Thread
#prefect-server
    j

    Joao Erik Melo

    1 year ago
    Hi there, I'm new in Prefect and I'm facing some issues in an Flow I need to implement. I need a Flow with few tasks in sequence (Task1 -> Task2 -> Task3). But depending on diferent conditions each Task can be SKIPPED according with its respective condition. I need each task (that are not skipped) process a dataset and pass this data precessed to the next NOT SKIPPED task. There a two main issues: 1. If Task1 and Task3 a forced to run, and Task2, in the middle, forced to be SKIPPED, the downstream Task3 is SKIPPED too (if skip_on_upstream_skip=True). Although, if I set skip_on_upstream_skip to False (in all 3 tasks), Task2 is NOT skipped as should be [image].  2. How can I keep the data flow through a sequence of tasks, if one of then is skipped? When a task is skipped, I lost the data flow through it. Woudl be the best practice use a shared path for all tasks (a hive table that is read and overwrited for each task, for example)  is OR there is a more Prefectonic way to do that? May someone help me, please?
    with Flow("conditional-branches") as flow:
    
        cond1 = check_condition1()
        with case(cond1, True):
            val1 = task1()
    
        cond2 = check_condition2()
        with case(cond2, True):
            val2 = task2()
    
        cond3 = check_condition3()
        with case(cond3, True):
            val3 = task3()
    
    
    
        flow.set_dependencies(
        task=val1,
        downstream_tasks=[val2])
    
        flow.set_dependencies(
        task=val2,
        downstream_tasks=[val3])
    nicholas

    nicholas

    1 year ago
    Hi @Joao Erik Melo - I'm a little hazy on what you're trying to do but it looks like you want data to continue flowing through a pipeline where returns are dependent on a series of upstream BUT shouldn't be completely dependent on those. i wonder if a pattern like this might work:
    with Flow("conditional-branches") as flow:
    
        cond1 = check_condition1()
        with case(cond1, True):
            val1 = task1()
    
        cond2 = check_condition2()
        with case(cond2, True):
            val2 = task2(upstream_tasks=[val1])
    
        cond3 = check_condition3()
        with case(cond3, True):
            val3 = task3(upstream_tasks=[val1, val2])
    combined with a
    not_all_skipped
    trigger on task2 and task3
    but in the sample you provided you aren't passing any data so that part is unclear to me
    j

    Joao Erik Melo

    1 year ago
    Hi @nicholas, thanks a lot for your answer. I'm sending more complete example. Actually, what I need is, if all conditions are true, then all Tasks should run, passing their output data to the next task.

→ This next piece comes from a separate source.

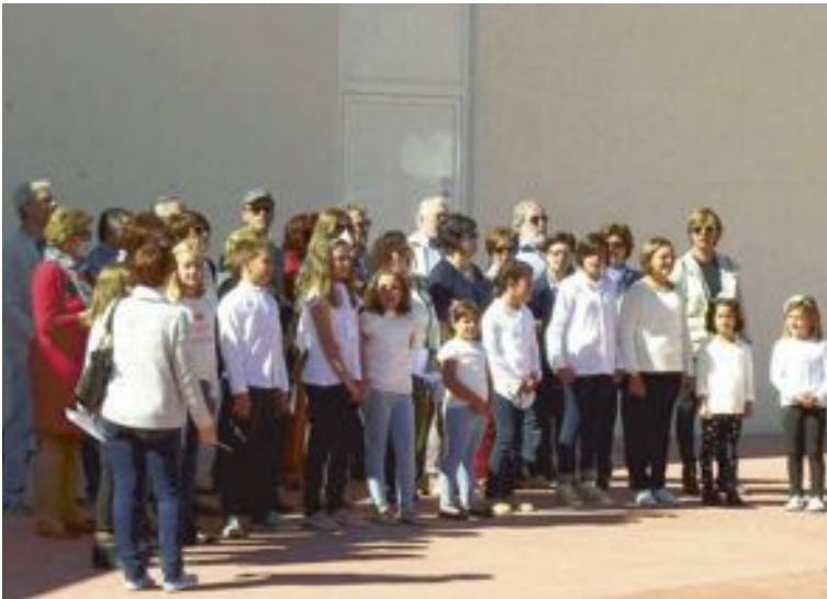
La Coral Ibense interpretó, tras el manifiesto, el tema ‘Serra de Mariola’

But if one of the tasks is SKIPPED, the data should keep flowing from Task1 to Task4, just skipping the SKIPPED Tasks. My desired behavior in this example is: if I force Task2 to be SKIPPED, the output data from Task1 have to flow to Task3 and the Task3 output goes to Task4, always in this order. PROBLEM But as you can see in image1, if I force Task2 to be SKIPPED and all other tasks to NOT skip (setting on all tasks: 
    skip_on_upstream_skip = False
    ), than even Task2 is NOT skipped as should be. And if I do the same experiment, but setting 
    skip_on_upstream_skip = True
    , all downstream tasks after Task2 are SKIPPED too (image2), not only Task2 as I would like.
    with Flow("conditional-branches") as flow:
    
        cond1_param = Parameter(name="cond1_param")
        cond2_param = Parameter(name="cond2_param")
        cond3_param = Parameter(name="cond3_param")
        cond4_param = Parameter(name="cond4_param")
    
        cond1 = check_condition1(cond1_param)
        with case(cond1, True):
            val1 = task1()
    
        cond2 = check_condition2(cond2_param)
        with case(cond2, True):
            val2 = task2(val1)
    
        cond3 = check_condition3(cond3_param)
        with case(cond3, True):
            val3 = task3(val2)
    
        cond4 = check_condition4(cond4_param)
        with case(cond4, True):
            val4 = task4(val3)
    
    
    flow_result = flow.run(cond1_param="True", cond2_param="False", cond3_param="True", cond4_param="True")
    flow.visualize(flow_state=flow_result)
    @nicholas in this example of mine, where the "ELSE" of the case statement { i.e. case(False) }, doesn't exist, if I set
    skip_on_upstream_skip = False
    in a Task, this Task is never SKIPPED, even if it is under a condition not satisfied. Does it make sense? It seems that a Task is skipped, just becouse its previous task (case(True) task) was skipped. That's the Case() behavior on Prefect?
    nicholas

    nicholas

    1 year ago
    Hi @Joao Erik Melo - sorry for the slow response, I've been sporadically AFK here; let me give this a harder look and I'll have an answer for you as soon as I can!
    Hi @Joao Erik Melo - I've looked into this a bit more and it seems like what you're looking for would mean you need to set
    skip_on_upstream_skip = True
    for all tasks you intend to run even if their upstream doesn't
    The default behavior for tasks is for them to skip if their upstream tasks raise
    SKIPPED
    for any reason - for any you don't want this to be the case, you'll need to explicitly tell Prefect that that's the case
    j

    Joao Erik Melo

    1 year ago
    Hi @nicholas, thanks for your response. 1. When you say:
    you'll need to explicitly tell Prefect that that's the case ,
    you mean to set
    skip_on_upstream_skip = False
    ? Or is there another way to tell prefect that I want a task don't be skipped, even if its upstream task was skipped? Is there any Signal to do that? I know the oposit is true: I can raise a
    SKIP
    Signal inside a task based on a input parameter. Then I can force a task to skip. Problably will be my aproach if there isn't a better alternative. 2. And for keep the data flow, even if a task is skipped in the middle, I'm thinking in use a shared space, like a s3 bucket, where all tasks read from and write to. Is there another way to keep the data flow even when a tasks is
    SKIPPED
    ?
    nicholas

    nicholas

    1 year ago
    1. Yes, you'll want to set
    skip_on_upstream_skip = False
    on every task you want to run regardless of upstream skip. 2. I think your approach of using an S3 bucket is reasonable - since tasks are encapsulated functions with defined inputs-outputs, there's no concept of "data flow" in Prefect, except between direct dependencies.
    j

    Joao Erik Melo

    1 year ago
    Nice! Thanks a lot for your help, @nicholas!